Talk, however, is cheap.

You’ve got to walk into Los Angeles and win a must-win Game 6, before anybody — including those inside your own group — can truly believe you have it inside of you.

You’ve got to shut a team down at home to win a Game 7, and when the next round starts with a messy 9-6 loss, you can’t just tell everyone that you’re going to grab hold of the series and take it back home tied at one apiece.

You’ve got to walk the walk, like the Edmonton Oilers did on Friday night in Cowtown.

“It’s an emotional roller-coaster. You've got to try to stay off of it as much as you can,” explained Zach Hyman, whose shorthanded goal midway through the third period stood up as the winner in a stunning 5-3 Game 2 victory over the Calgary Flames. “It’s hockey, and some nights bounces are going to go your way and some nights they’re not. You’ve got to battle through, even tonight.”

Edmonton scored five and had two goals called back, while the Flames had a sketchy disallowed goal themselves.

But in a series where everyone is wondering when Oilers goalie Mike Smith will fold his tent, Edmonton has now pumped 11 pucks past Vezina candidate Jacob Markstrom (13 if you count the two that were called back). That’s a grand total of 18 in their past three meetings, going back to that 9-5 debacle in March.

Say what you want about the goaltending advantage that exists here, Edmonton has Markstrom’s number. He has been average at best in this series.

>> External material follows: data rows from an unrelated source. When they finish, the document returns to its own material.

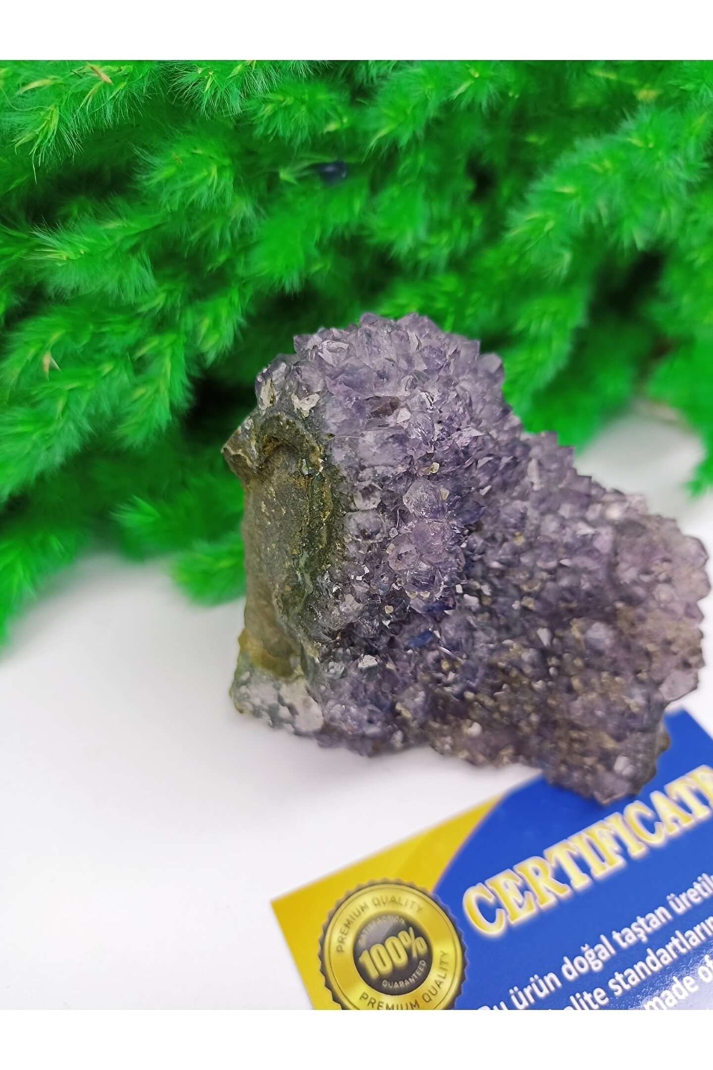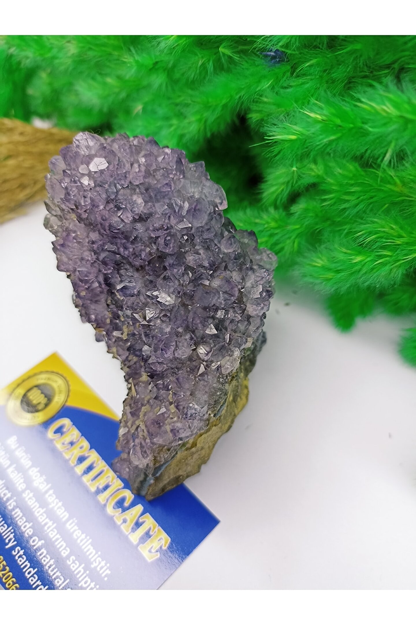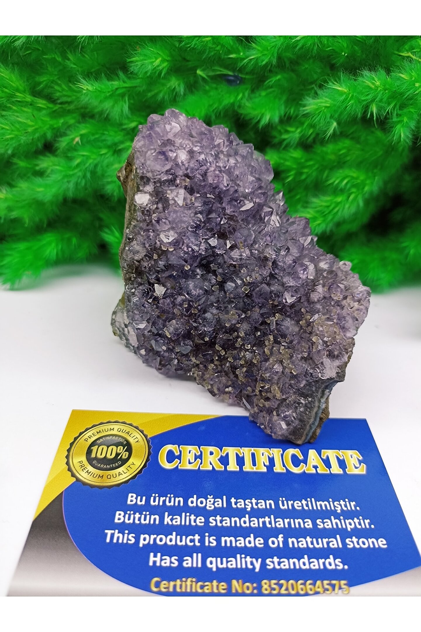 Radyasyondan ve negatif enerjiden korur. Pozitif enerji verir. Gözlere iyi gelir. Negatif elektrik yükü taşıdığından dolayı; bedendeki fazla elektrik yükünü toplayarak beyin gücünü yükseltir. Kalp rahatsızlıklarına iyi gelir. Mükemmel bir kan temizleyicidir. Alerjiye iyi gelir. Öfke, kin ve korkuyu yatıştırır, stresi giderir ve pozitif enerji verir. Kullanan kişiye iyi şans getirir. Ametist son derece güçlü ve koruyucu bir taştır. Çevresindeki enerjileri sevgiye dönüştürür, ataklara karşı koruyucudur,. ÜRÜN 1 ADET SERTİFİKASI İLE GELMEKTEDİR.ÜRÜN BOYUTU:6,5CM --ENİ:7CM--AĞIRLIĞI:288GRAM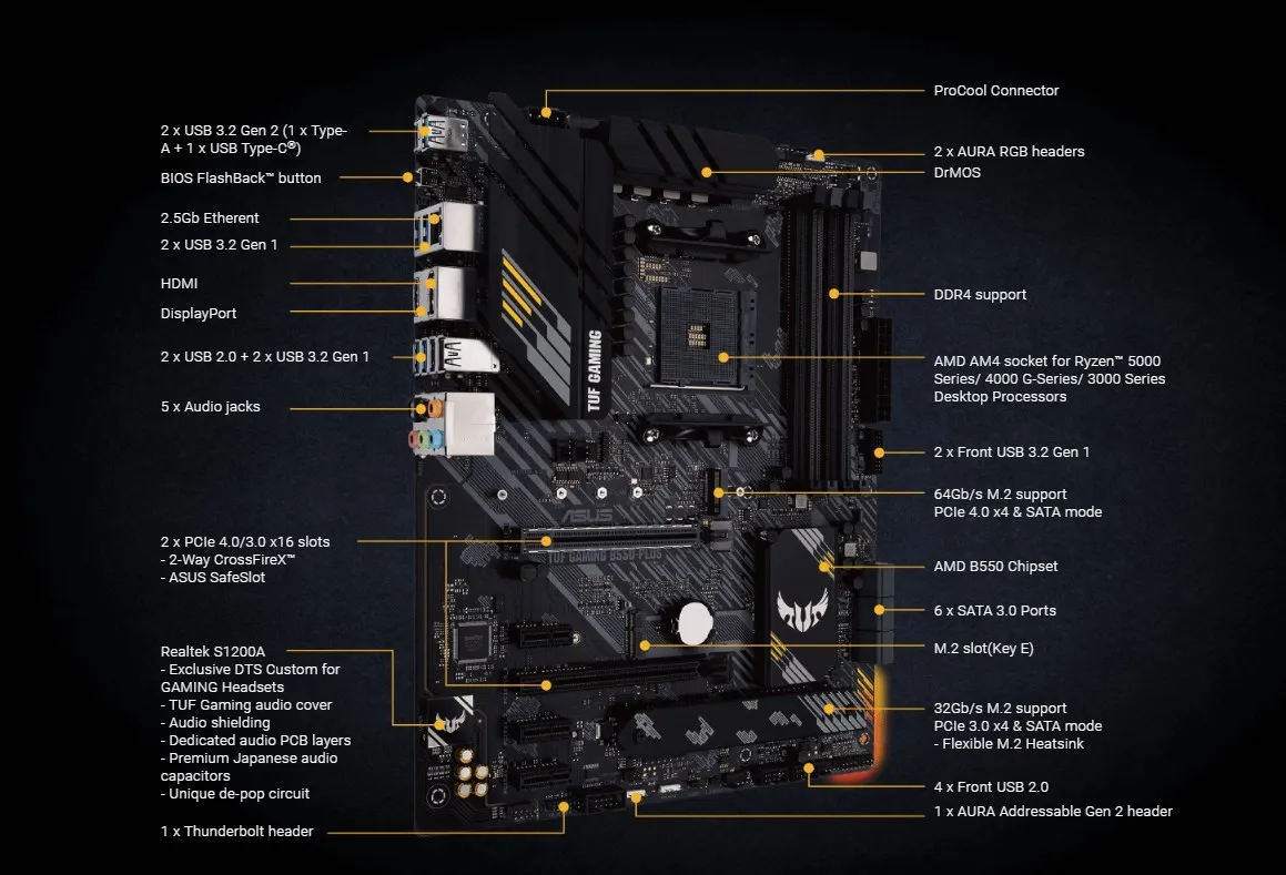 Placa base ASUS TUF GAMING B550-PLUS compatible con Ryzen 5 5600 R7 5700X3D CPU AMD B550 DDR4 HDMI Dual SATA 6 USB 3.2 M.2 NVME PCIe 4.0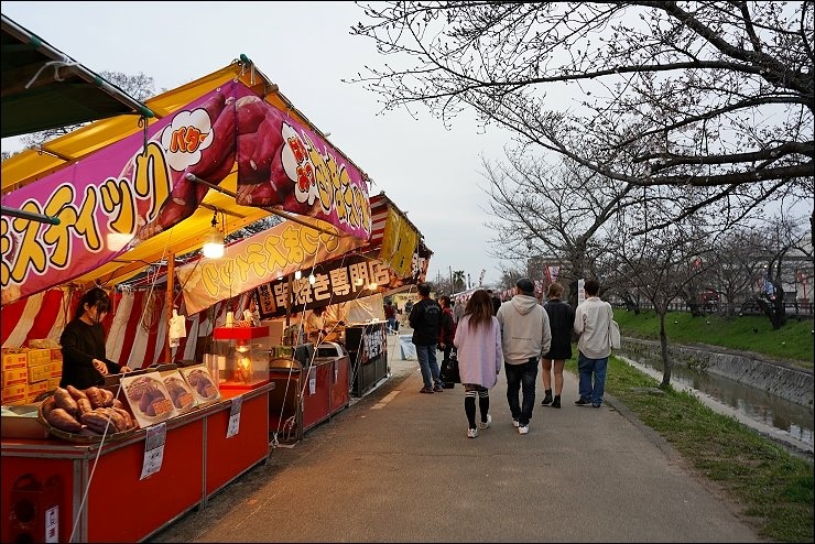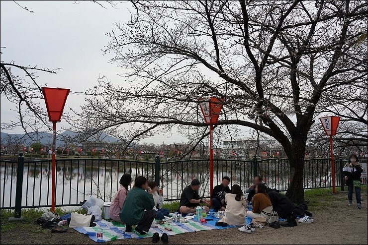 ,是阪急交通社關西巴士之旅最新排進來的秘境,這真的是只有在地日本人才知道的景點耶!!一整排樹齡超過70年的櫻花樹,有公園讓孩子玩溜滑梯盪鞦韆,沿著河岸,也有很多小吃攤可以買,坐在湖邊或是河岸邊野餐、散步,非常悠閒自在!

Leon Draisaitl banged in a rebound on a Connor McDavid net drive that got called back for goaltender interference. So McDavid stayed out there, took a nifty pass from on a stellar night from Duncan Keith, and deked Markstrom out of his shorts, just 32 seconds after the video review.

Was he especially hungry after the disallowed goal?

“I’m always hungry,” said McDavid, whose 20 points in nine playoff games make him the fastest to 20 since Mario Lemieux in 1992 (9-13-22).

“It's like it didn't get called back (at all),” said Hyman, who marvelled once again at a game in which McDavid took 19,289 Saddledome fans out of their seats three or four times.

“He’s taking his game to another level, and that's hard to do,” said Hyman. “But he's pushing his own limits. That's what special players do. He's leading our team in every aspect. Last game, I think he had the most hits on our team. So, he's doing it all. He's a huge reason why we're here.”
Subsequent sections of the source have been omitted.